Beaucoup de Pères de l'Église ont écrit sur cette vénération des reliques des martyrs, dont saint Jean Chrysostome, saint Grégoire de Nysse, saint Jérôme et saint Grégoire de Nazianze. Saint Grégoire de Nysse, au 4ème siècle, dans son Sermon sur le saint martyr Théodore dit:

[…] s'approcher de la tombe (du martyr), nous croyons que c'est à la fois une bénédiction et une sanctification. Si quelqu'un prend de la poussière du lieu de repos de martyr, c'est un présent et un trésor méritoires. Si une personne a, à la fois la chance et la permission de toucher les reliques, cette expérience est un prix de grande valeur et semble comme un rêve à la fois à ceux qui ont été guéris et dont le vœu a été accompli […] On implore le martyr qui intercède pour nous, et c'est un préposé de Dieu pour communiquer ces faveurs et ces bénédictions que les gens recherchent.

Théologie du corps

La vénération des reliques des saints est clairement une pratique chrétienne attestée, tant par le témoignage de la Bible que par les pratiques de l'Eglise primitive. Nous honorons les reliques des saints parce que notre foi a toujours cru et enseigné que le salut ne concerne pas seulement de notre âme, mais que notre corps participe à ce salut.

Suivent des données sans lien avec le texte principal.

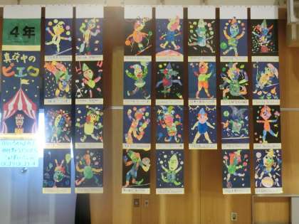 4年生は「真夜中のピエロ」多彩な色使いで暗い背景だが明るく感じる作品になっている。
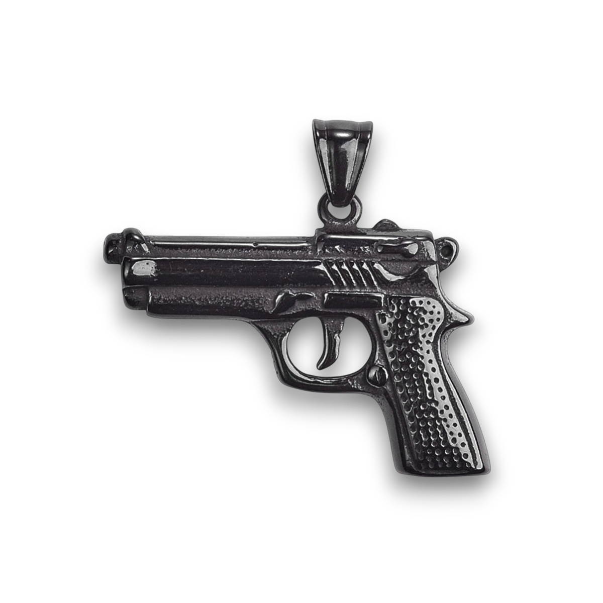 Gunmetal-finishen refererer til en mørkere, ofte næsten sort, belægning på kirurgisk stål, der giver et kraftfuldt og maskulint udseende. Denne type finish er populær for sin moderne og kantet æstetik. Gunmetal vedhæng er ideelle for dem, der ønsker at tilføje et moderne, stilfuldt element til deres tilbehør.

Notre corps et notre âme sont baptisés, notre corps et notre âme reçoivent l'onction dans la Chrismation, notre corps et notre âme reçoivent le Seigneur dans la Sainte Eucharistie.

Tandis qu'à la mort notre corps et l'âme sont séparés, au Jour Dernier nos corps se lèveront de terre et rejoindront nos âmes pour recevoir le salut ou la damnation. Notre Seigneur Jésus est monté au ciel avec un corps humain, par conséquent, nos corps sont sanctifiés et saints.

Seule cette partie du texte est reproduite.